Results and Analysis

The paper provides an exhaustive evaluation of the proposed method against state-of-the-art deterministic and pluralistic inpainting approaches such as DeepFillv2, EdgeConnect, and PIC on datasets including FFHQ, Places2, and ImageNet. The method demonstrates a significant improvement in terms of image fidelity, diversity of completion results, and generalization ability over large missing regions, with notable FID score improvements.

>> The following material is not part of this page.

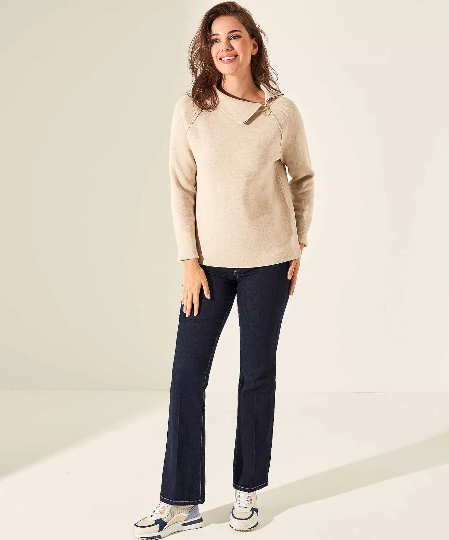 In Stevige Punta Knit Houdt Deze Trui Je Overal Behaaglijk Warm. In Gemêleerde Zandkleur Of Lila En Met Een Opvallende Goudkleurige Asymmetrische Zipper Met Keyring Rits Je Haar Opstaande Kraag Speels Open Of Dicht. Voel Je Haar Stevige Maar Soepele Punta Knit (Speciaal Breisel Met Gladde Afwerking Aan De Zoom) En Zie Je Haar Sportieve Raglanmouw En Zijsplitjes? Je Draagt Dit Rechte Model Met Een Jeans En Sneakers Op Sportieve Avonturen. Maar Ook Met Een Printbroek En Loafers Of Een Maxi-Rok + Laarsjes Creëer Je Een Stijlvolle ‘Everyday Look’. Samenstelling: 100% Katoen.

  • Numerical Performance: The proposed model achieves superior PSNR, SSIM, and FID scores across different mask sizes, signaling both higher quality and diversity in image completion, particularly with larger missing areas.
  • Qualitative Performance: The reconstructions produced are visually more realistic and semantically appropriate compared to other methods. The appearance priors samples lead to plausible variations, enhancing the value of the model for tasks requiring diverse outputs.
  • Analysis on Robustness and Geometry Understanding: The model's capability to handle large missing regions and retain geometric structures shows its enhanced understanding of global context compared to CNN-only architectures.

Implications and Future Directions

The fusion of transformers and CNNs in this method capitalizes on the transformational synergy where global structural understanding can be consolidated with fine-textured details to solve image completion problems more effectively. These results indicate substantial advancements in image inpainting technologies, increasing their applicability in areas such as content creation and image restoration.

Looking ahead, further exploration into reducing the computational overhead of transformers in high-resolution scenarios could make this hybrid approach more accessible for broader use cases. Advancements in efficient attention mechanisms could significantly impact the deployment of such systems in real-world applications. Additionally, expanding such frameworks to other vision tasks where understanding of both semantic context and fine detail are necessary could further extend the reach of this research in AI.